I really liked the Supermicros but at the price point and with DDR4 being the price it is, they were just too expensive.  So before Christmas I did some extensive research, and stumbled upon the HPE DL20 Gen 9.  They are on the vSphere 6 HCL, They use the E3 v5 Xeons, and its the cheapest server I could find with the E3-1230-V5, the lowest powered of the E3 family with hyperthreading.  So I bought 2.  And was surprised to find them arrive with rapid-rail mounting kits!  Its all good!  And I am a very very happy camper!

And as far as the WAF goes – well she said that I could dip into savings to build my lab, but it MUST be future-proofed.  And I MUST be happy with it afterwards.  Would be rude not to comply.  After all….

The story so far:

HPE DL20:

  • 1U shallow 15″ depth.
  • 2 x PCIe 8 slots on daughter board
  • 2 x M2 headers on the Mobo
  • 2 x 1gbs NICs – one shared with iLO
  • Mine came with 16GB – 1 x DDR4
  • They are whisper-quiet, the fans do spin up occasionally and it sounds like they are breathing.  VERY Quietly!
  • Booting off a SanDisk 32GB USB 3.0 drive from the onboard socket
  • ESXi 6.0U2 – HP Custom Image
  • No CD but who uses them these days?  I have a USB BluRay player anyway if I need it.

Only negative is the inclusion of 2 x USB 2 ports on the front – but no VGA.  Odd.  2 x USB 3.0 on the rear with a VGA there though.  In a tight rack its a tad frustrating having to pull the server out to struggle to plug in the monitor though a small gap at the back in but I have resurrected an old 2-port KVM to use with them so that’s not necessary any more.

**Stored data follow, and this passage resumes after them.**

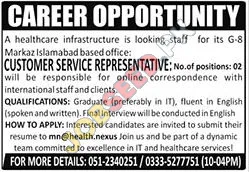 health.nexus, a leading private sector healthcare provider, is looking for a Customer Service Representative to join its team. This role, based in Islamabad, requires individuals who are excellent communicators and have a strong understanding of IT. Successful candidates will benefit from these health.nexus jobs Islamabad. This position is ideal for candidates looking for career development within a fast-paced environment. Competitive employment opportunities are offered for those seeking to start their career in customer service.
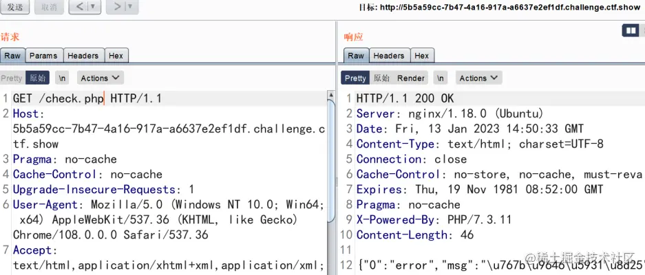 然后发包,接着访问check.php 实现反序列化shell的写入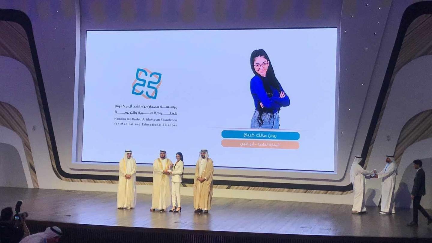جرى تكريم الطالبة روان مالك كرباج، من أم الزيتون في جبل العرب، بجائزة الشيخ حمدان بن راشد آل مكتوم للتميّز والإبداع في أبو ظبي.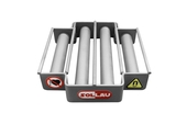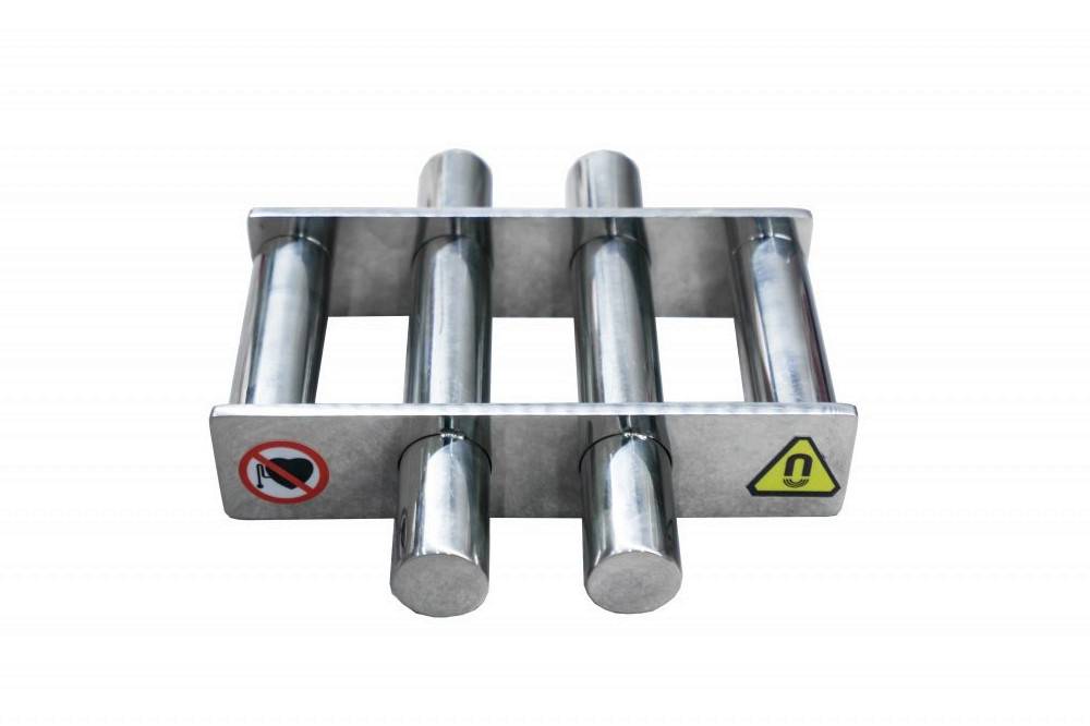La rejilla de acero inoxidable, en la que los núcleos de acero inoxidable están sellados herméticamente, está pulida, sin embargo, no tiene un sistema de limpieza fácil y, por lo tanto, es necesario eliminar las impurezas de Fe atrapadas manualmente (por ejemplo, limpiando la superficie de la rejilla). Por otro lado, esta versión del imán de la tolva está equipada con los imanes de neodimio más fuertes existentes, generando una inducción magnética extremadamente alta (alrededor de 13,500 G) en la superficie de la parrilla.

They come in 2 storage configurations – 2 x 3.5″ SAS and 4 x 2.5″ Hot-swap SAS.  I opted for the 2.5″ hot-swap for greater flexibility.  However no drive caddies.  This IS HP don’t forget.  However – Amazon to the rescue – £12.  Not HP genuine but have the spinney round LEDs.   I bought a pair of WD Red 750GB 2.5″ NAS drives.  There are reasons for this:

  • They are SATA – but consumer-grade SATAs are not designed for 24×7 operation.   The WD NAS Drives are.
  • They are designed for hot-swap and RAID – so can handle failing properly and being removed from a RAID without taking the whole set down.
  • I already have 2 of the 3.5″ WD Reds in 3TB versions and really like them.
  • Its a HOME LAB not an enterprise production datacenter.  SAS drives are just too expensive.  These were a good price.  Don’t care about massive performance differences.
  • NAS can present NFS datastores and run VMs happily.   So these should do fine.
  • I also run iSCSI from both servers to a 3TB WD Red in a Synology NAS.

This is the basic setup.  I will add other posts to separately detail the further enhancements – USB 3.0 NICs, 10Gbs NICs, VCSA 6.5 and so on.

These little servers just keep giving and I’m really happy with them.